Se trouxermos agora a tese da relatividade ontológica[4] para o contexto, veremos por que ela ameaça ainda mais — à primeira vista — a posição realista, quineana ou outra.

De fato, Quine mostra que podemos ter duas teorias que, embora possuam (pelo menos nominalmente) ontologias diferentes, contam com o mesmo suporte empírico. Em outras palavras, Quine mostra que a relação entre a teoria e seu suporte empírico depende antes da estrutura lógica da mesma do que de sua ontologia assumida, o ponto tendo sido demonstrado através do que Quine chamou de proxy functions (funções de substituição). Ora, nesse caso, seguir-se-ia mais uma vez que a evidência científica não pode nunca decidir a questão acerca de que objetos assumir.

A conclusão que se parece impor é: Quine não pode ser realista, correto? Não. E é aí que Severo tem mais razão do que nunca. Mas para que Severo possa ter razão — e ele tem —, é preciso compreender bem Quine.

É preciso compreender que as formulações e reformulações de Quine a respeito da subdeterminação vão eliminar ou dissolver a maior parte do que antes se aceitava como (bons) exemplos de subdeterminação. A pergunta que vai nortear essas reflexões é: se duas teorias dão conta da mesma totalidade de observações possíveis, em que sentido elas são duas?

Teorias podem diferir totalmente em seus objetos (…) e ainda assim ser empiricamente equivalentes, como mostram as funções de substituição. Nós dificilmente parecemos garantidos em chamá-las duas teorias; elas são dois modos de expressar uma e a mesma teoria. É interessante, então, que uma teoria pode assim variar sua ontologia (PT, 96; nossos grifos).
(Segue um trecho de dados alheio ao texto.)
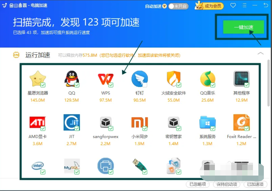 2、等待系統掃描完成,發現可加速項,勾選加速列表中的加速項,然后點擊【一鍵加速】。
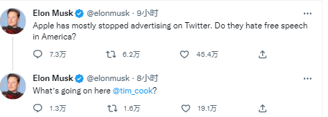 马斯克在推特上表示,苹果已基本上停止在推特上投放广告,并质疑苹果是否反对美国的言论自由。他@苹果CEO蒂姆·库克追问原因,并转发了多条关于苹果言论审查、垄断及收取“30%秘密税”的推特。他还嘲讽苹果在政治立场上偏袒民主党,称苹果因推特允许言论自由而必须扮演执法者角色。

Ao tentar dar conta dessa questão, Quine vai terminar por conceber a tese de subdeterminação em termos de traduzibilidade, só aceitando caracterizar como verdadeiros casos de subdeterminação aquelas duas (formulações de) teorias que não apenas são empiricamente equivalentes, mas não são inter-traduzíveis. Teorias inter-traduzíveis são, daí em diante, mais proveitosamente consideradas como diferentes formulações da mesma teoria, seu conflito sendo meramente terminológico e desinteressante[5]. Pelo menos aos olhos de Quine. E meus. E, creio, de Severo.

Ora, Severo tem então absoluta razão ao negar validade à inferência que passa da indeterminação da referência para a subdeterminação. Após tal caracterização [da subdeterminação em termos de traduzibilidade], com efeito, os casos clássicos de indeterminação da referência ou relatividade ontológica, exemplarmente ilustrados pelas funções de substituição, vão qualificar apenas como casos (triviais) de formulações de teoria inter-traduzíveis.

Em outras palavras, se encontramos um modo de reinterpretar os predicados de uma (formulação de) teoria de modo a — após esse processo de tradução — fazer coincidir com a outra formulação (como acontece em todos os casos em que se podem aplicar as funções de substituição), não temos um verdadeiro caso de subdeterminação e, portanto, de verdadeira rivalidade entre diferentes teorias. Ou seja, uma vez que conseguimos fazer as duas formulações coincidirem via reinterpretação de termos, nós desqualificamos tais exemplos como casos genuínos de rivalidade ou diferença entre teorias e os consideramos, antes, como casos de indeterminação da tradução (EESW, 322)[6].

* * *

No meu livro, por conseguinte, a alegada passagem da relatividade ontológica para a subdeterminação pretendia desempenhar apenas uma função retórica.

A estratégia, nesse caso, é a seguinte.

Partindo da concepção então vigente (não-quineana) de subdeterminação — em que diferenças ‘nominais’ de ontologia contam como diferenças reais —, um paradoxo parecia ser gerado, já que a tese da relatividade ontológica/indeterminação da referência parecia implicar casos genuínos de rivalidade de teorias (e de ontologias) e, conseqüentemente, reforçar a tese anti-realista.

Cabia na seqüência, portanto, mostrar como resolver (ou melhor, dissolver) esse paradoxo, mostrar como e por que a posição realista quineana não era de modo algum ameaçada por isso.

Deste modo, ao longo do livro, particularmente no capítulo quarto, pretendi mostrar as elaborações, as mudanças conceituais que a concepção de subdeterminação sofreu. Tentei sobretudo mostrar que, ao caracterizá-la em termos de traduzibilidade, Quine acabou por eliminar qualquer possível impacto que poderia ter a tese da relatividade ontológica no seu realismo.

* * *

Temos, assim, o “outro lado” da questão acima proposta: como uma tese tão ‘precária’ pode desempenhar um papel tão importante?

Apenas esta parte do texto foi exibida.